"Perempuan tak punya malu itu seperti lupa ingatan aja, dia lupa seperti apa dia sewaktu mengejar kakak kita dulu,"
Si kacamata kembali bersuara. Lamunanku buyar mendengar perkataannya barusan.
"Kemana kakak kita pergi dia selalu nempel terus. Kakak kita main tenis sama temannya aja dia ikut. Dia takut kakak kita kembali ke istri pertama atau nyari perempuan lain lagi kayaknya,"
Si kaos abu-abu berkata yang diikuti dengan anggukan kepala setuju dari si Ceking dan si Kacamata.
"Jelas dia takut kehilangan tambang emasnya," Kata si Kaos abu-abu.

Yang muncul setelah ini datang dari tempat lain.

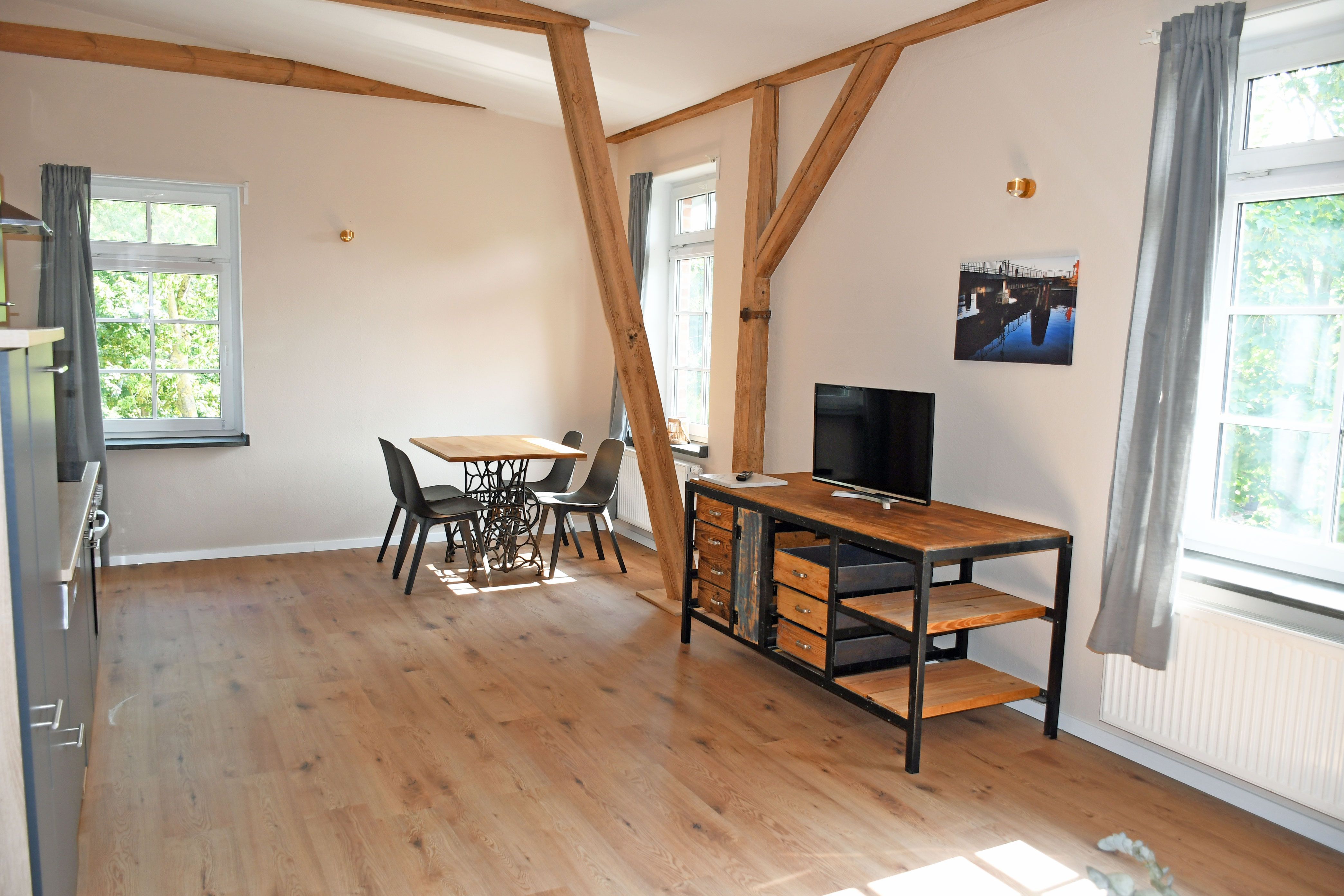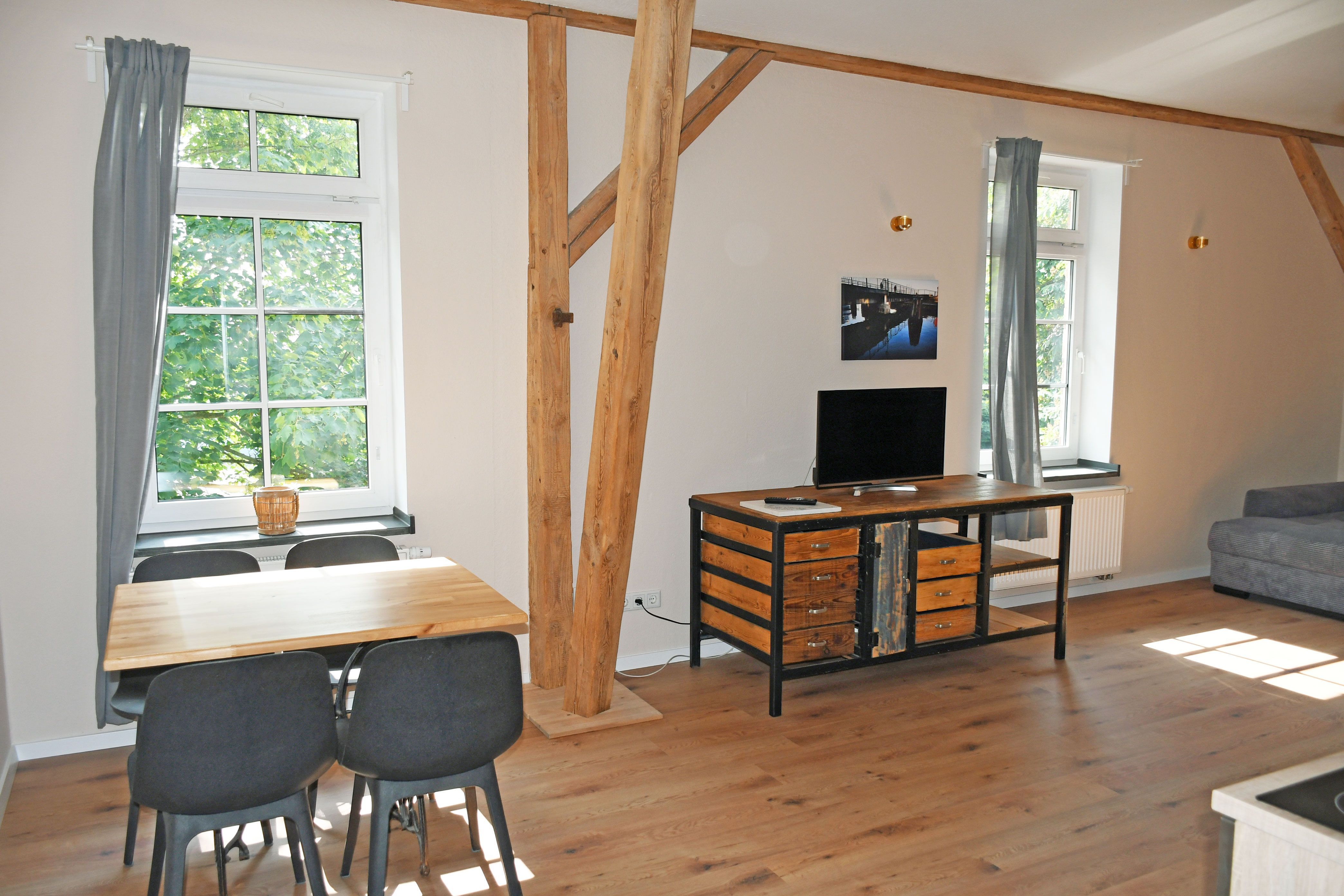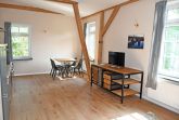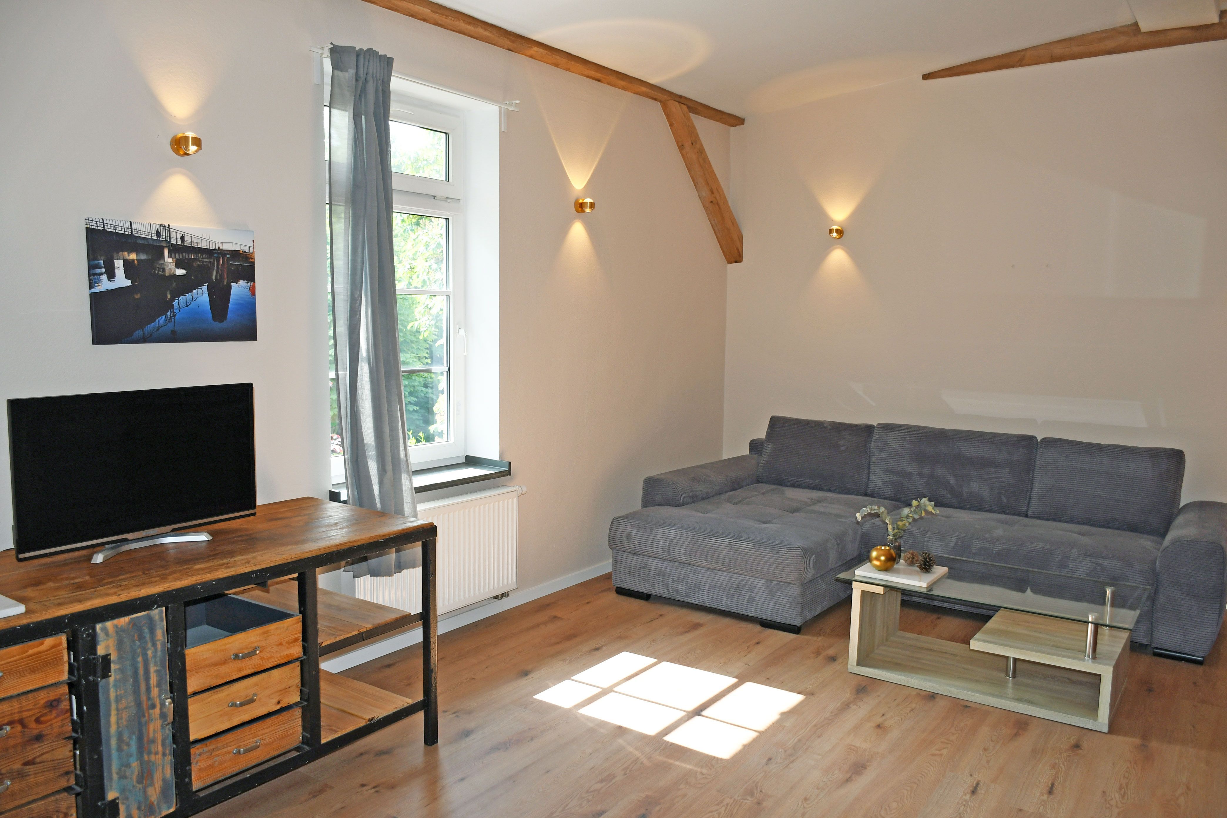 Unsere 50qm große Ferienwohnung bietet Ihnen ein komfortables Zuhause auf Zeit. Sie verfügt über ein separates Schlafzimmer mit Doppelbett, ein großes Wohnzimmer mit Schlafsofa und eine voll ausgestattete Küche. Die große Ferienwohnung liegt in der 1. Etage.
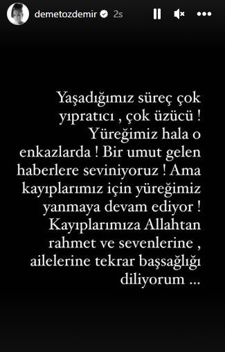 Demet Özdemir, tekrardan hayatını kaybedenler için başsağlığı diledi.
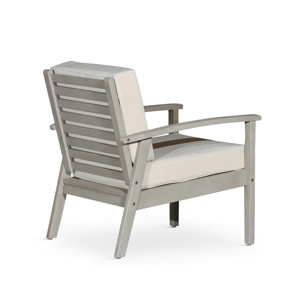 This deep seat eucalyptus chair is a true gem for those seeking ultimate relaxation. It offers a spacious and inviting seating experience. The slightly slanted back provides excellent support, allowing you to unwind and enjoy your leisure time. The chair is not only cozy but also designed to enhance the outdoor atmosphere. It's a perfect addition to any outdoor space, whether it's a patio, garden, or balcony. With its durability and sustainable materials, it ensures long-lasting enjoyment and contributes to a greener environment.
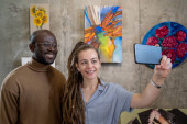 Zdjęcie "Szczęśliwy mieszane wyścig dziewczyna w smart casual podejmowania selfie podczas przymierzania nowego okularu w sklepie optycznym" może być wykorzystywane do celów osobistych i komercyjnych zgodnie z warunkami zakupionej licencji Royalty-free. Obraz jest dostępny do pobrania w jakości wysokiej rozdzielczości do 5760x3840.
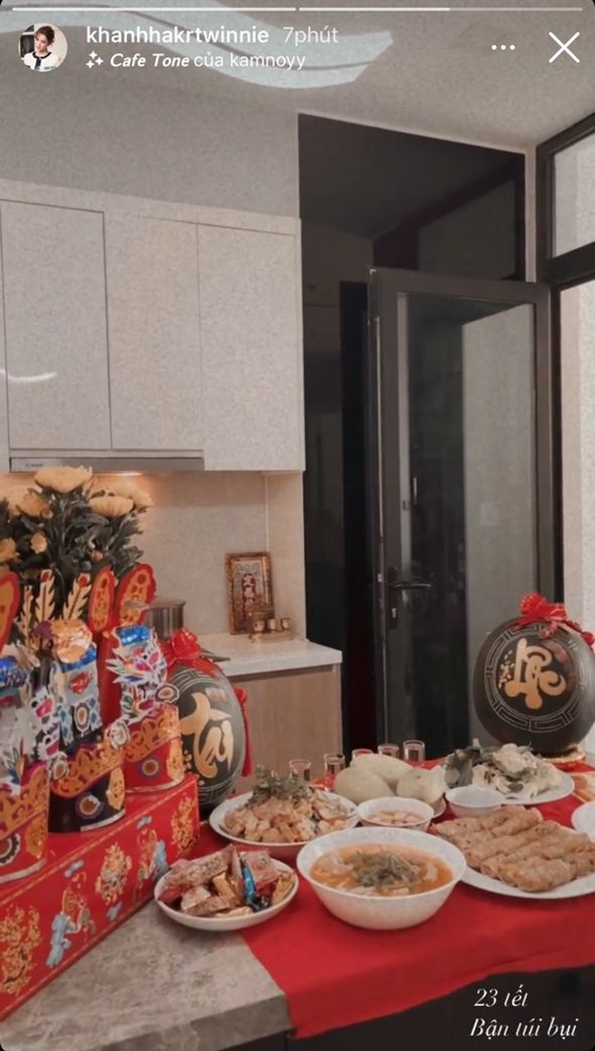 Khánh Hà - tiểu thư từng hẹn hò với thiếu gia Phan Hoàng cũng chuẩn bị một mâm cơm tươm tất để cúng ông Công ông Táo. "23 Tết, bận túi bụi", caption chứng tỏ cô nàng là đầu bếp chính của hôm nay?
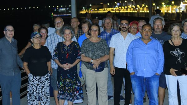 فوج سياحي ألماني يجري جولة على ممشى كورنيش بني سويف أثناء رحلتهم النيلية
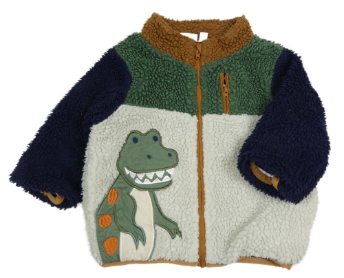 Zeleno-bielo-tmavomodrá huňatá podšitá bunda s dinem Jojo Maman Bébé
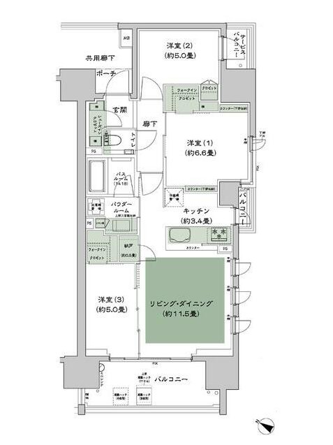 南西向き、角部屋、二面バルコニーの3LDKはウォークインクローゼット2か所、シューズインクローゼットと収納が豊富。食洗器付きのカウンターキッチンや床暖房、追い炊き、三面鏡付独立洗面台等の設備が充実
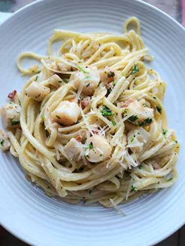 This Scallop Alfredo with Pancetta is creamy, garlicky and peppery, full of juicy scallops and smokey pancetta, topped with fresh parsley.

"Tapi itu dulu. Sekarang dia mungkin sudah menganggap kakak kita cuma beban hidupnya aja," Tambahnya lagi.
"Dulu dia sibuk menyandera kakak kita karena kakak kita masih muda, gagah. Dan banyak uang. Sekarang kakak udah sakit-sakitan. Nggak mau dia direpotin laki-laki tua penyakitan. Harta kakak kita juga udah habis. Sekarang aja biaya berobat kakak kebanyakan ditanggung sama anak-anak dari istri pertama," Ujar si Ceking.
"Iya jelas ditanggung anak dari istri pertamalah. Anak dari perempuan itu kan nggak jelas apa pekerjaannya. Yang anak laki-lakinya aja udah sepuluh tahun sarjana kerjanya cuma luntang-lantung terus. Yang perempuan bolak-balik pindah kerjaan melulu. Nggak jelas kerja apaan juga. Mana ada duit. Gitu aja dua anak itu sok sibuk. Nggak mau ngejagain bapaknya kalau pagi. Maunya sore aja. Jam pulang kantor. Kayak kerja bener aja. Wong lagi nganggur banyak tingkah,"kata si  Kacamata.
"Kakak kita malu nggak tuh? Anak yang dia abaikan waktu kecil malah yang saat ini sepenuh hati merawatnya,"kata si kaos abu-abu.
"Harusnya sih malu," tandas si kaos abu-abu.
Aku diam menyimak sambil terus pura-pura membaca buku yang aku bawa. Diam-diam aku terus mendengarkan percakapan mereka. Kisah yang menarik untuk didengarkan.